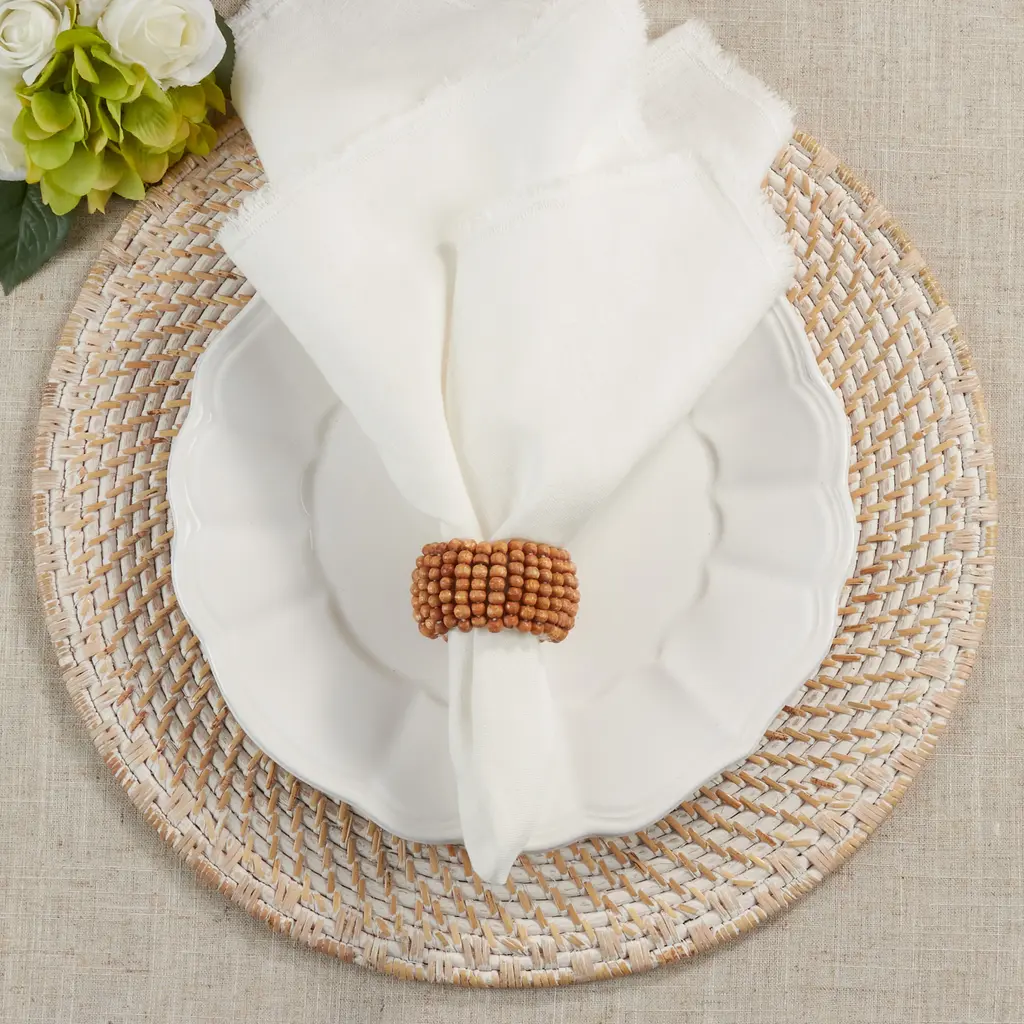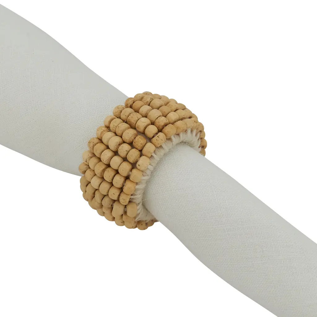 Wooden Bead Napkin Ring, Set Of 4 - Ivory
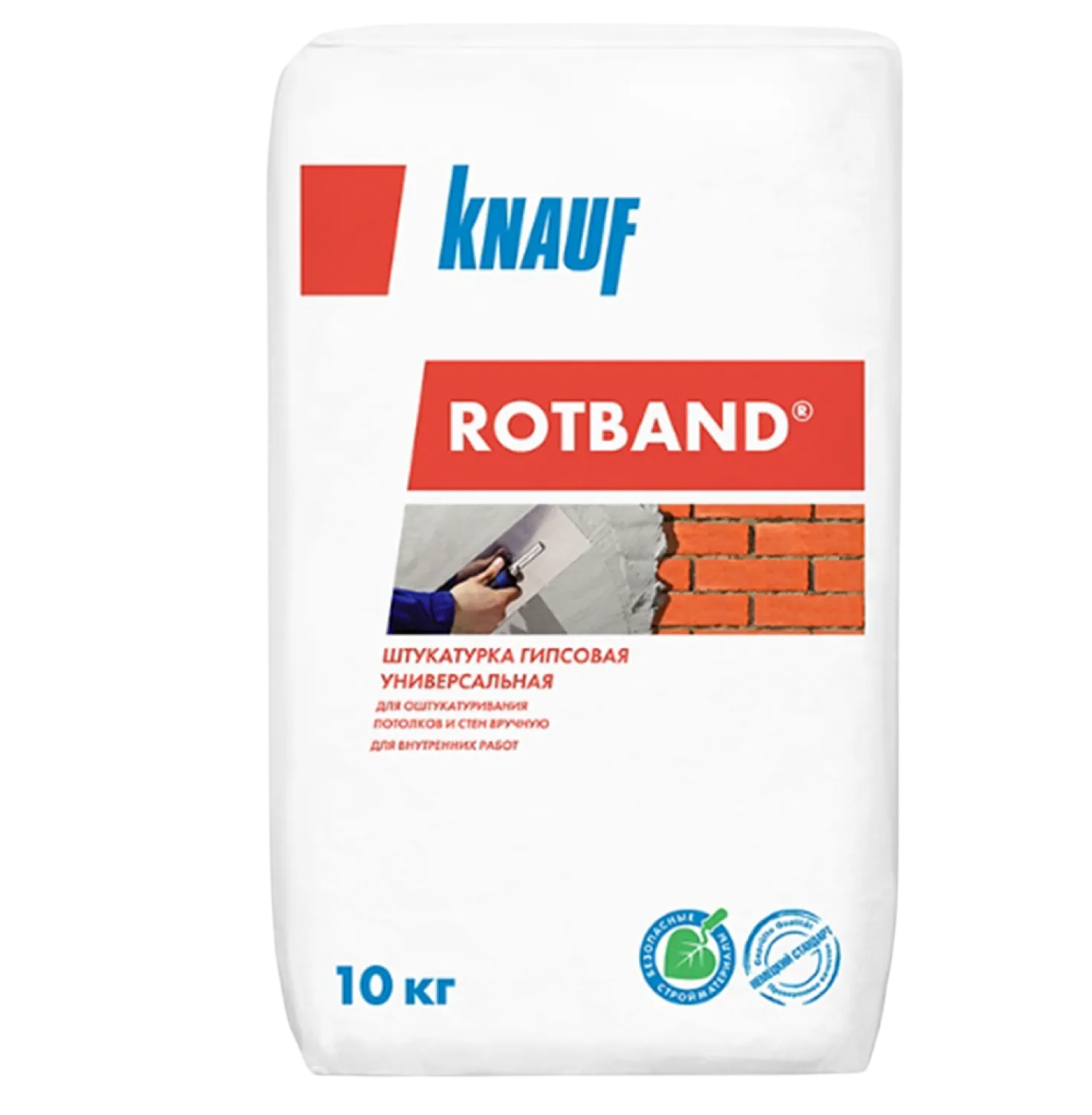 Knauf Rotband — универсальная сухая штукатурная смесь на основе гипса с добавлением полимерных компонентов, повышающих адгезию и пластичность раствора.
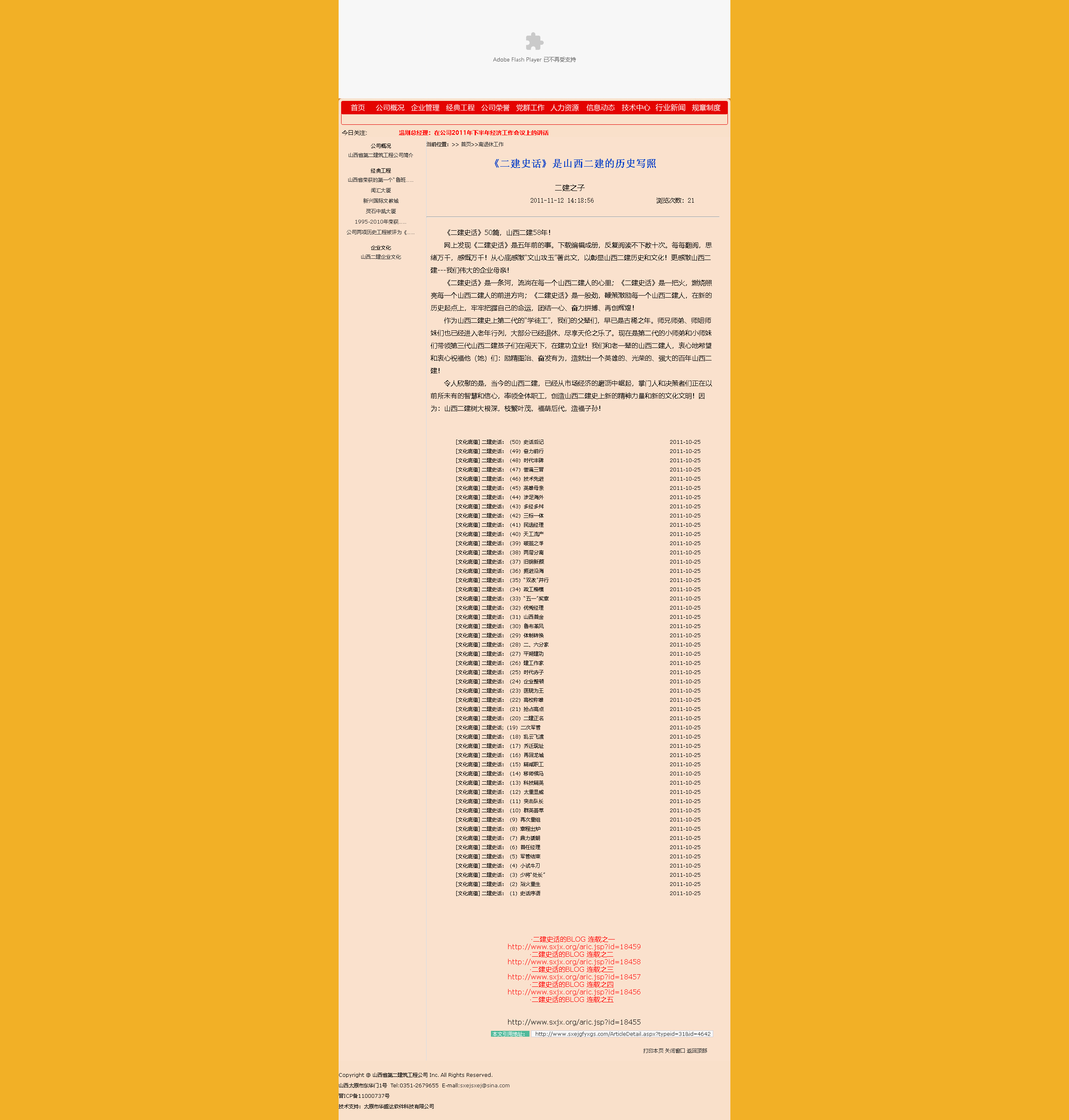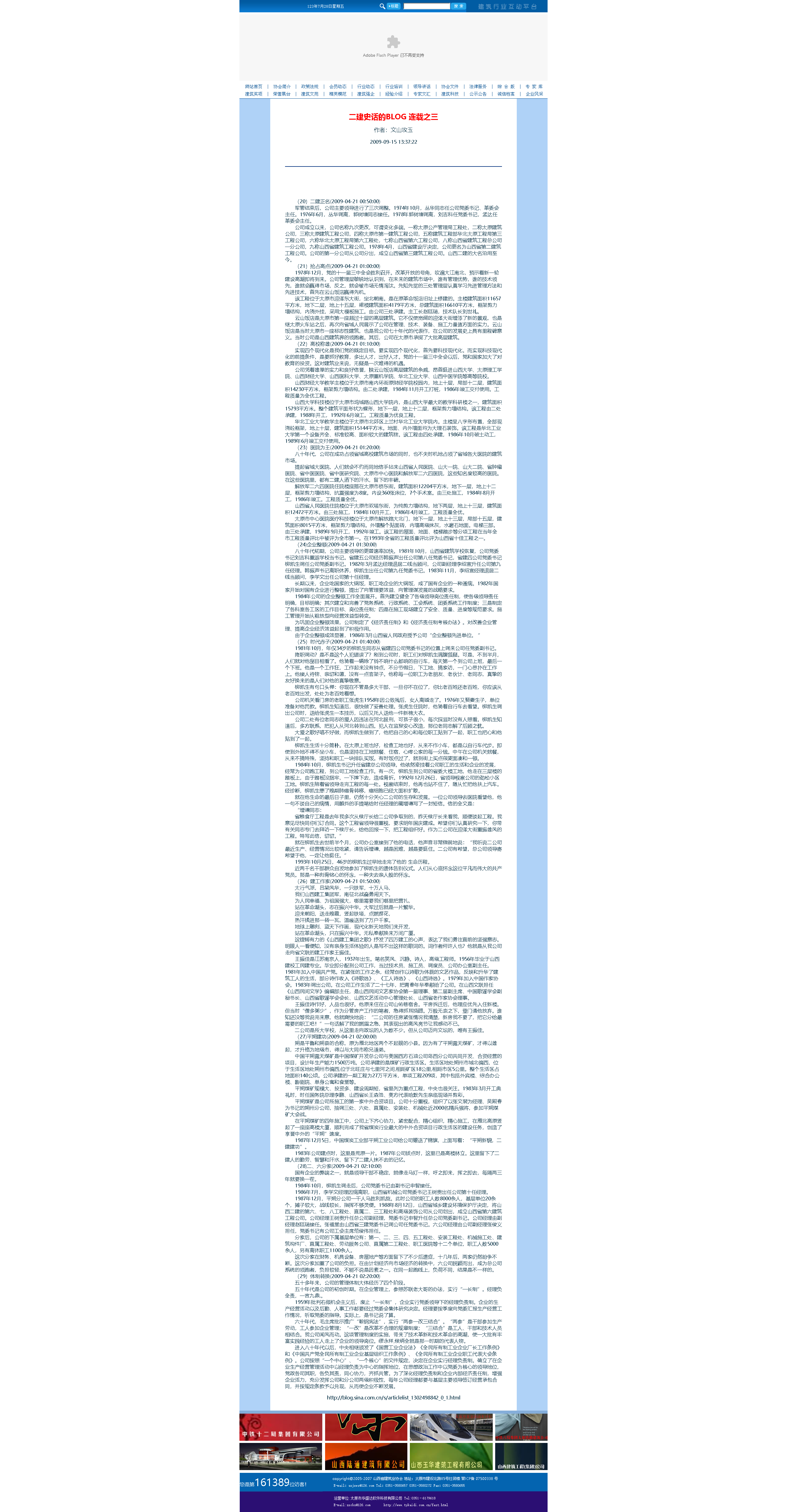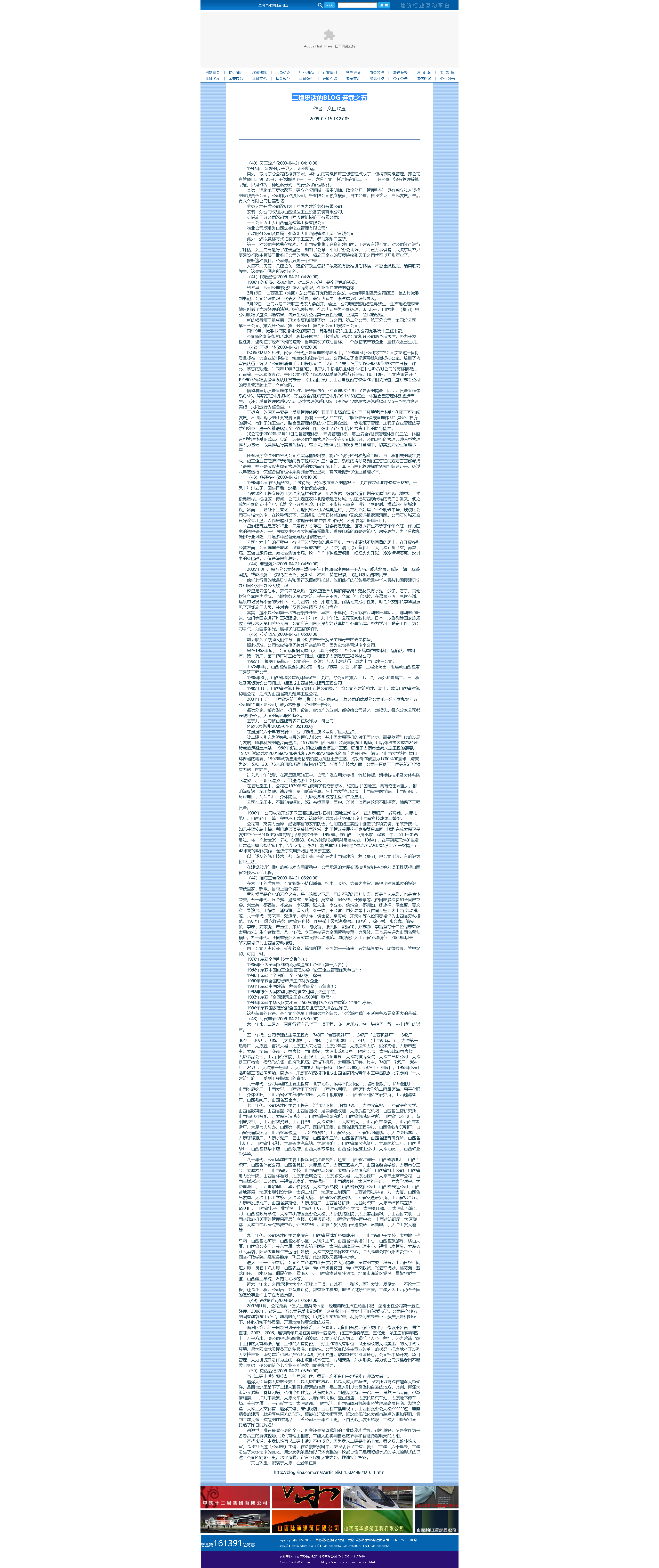 這是2009年9月15日首次在山西省建筑業(yè)協(xié)會網(wǎng)站全文轉(zhuǎn)發(fā)張文玉同志所撰《二建史話》五十篇。
========================================================================
TASK PROMPT >> All the lines above should be reproduced exactly, and none of the pictures.

SOLUTION TO THE PROBLEM >>
 Wooden Bead Napkin Ring, Set Of 4 - Ivory
 Knauf Rotband — универсальная сухая штукатурная смесь на основе гипса с добавлением полимерных компонентов, повышающих адгезию и пластичность раствора.
 這是2009年9月15日首次在山西省建筑業(yè)協(xié)會網(wǎng)站全文轉(zhuǎn)發(fā)張文玉同志所撰《二建史話》五十篇。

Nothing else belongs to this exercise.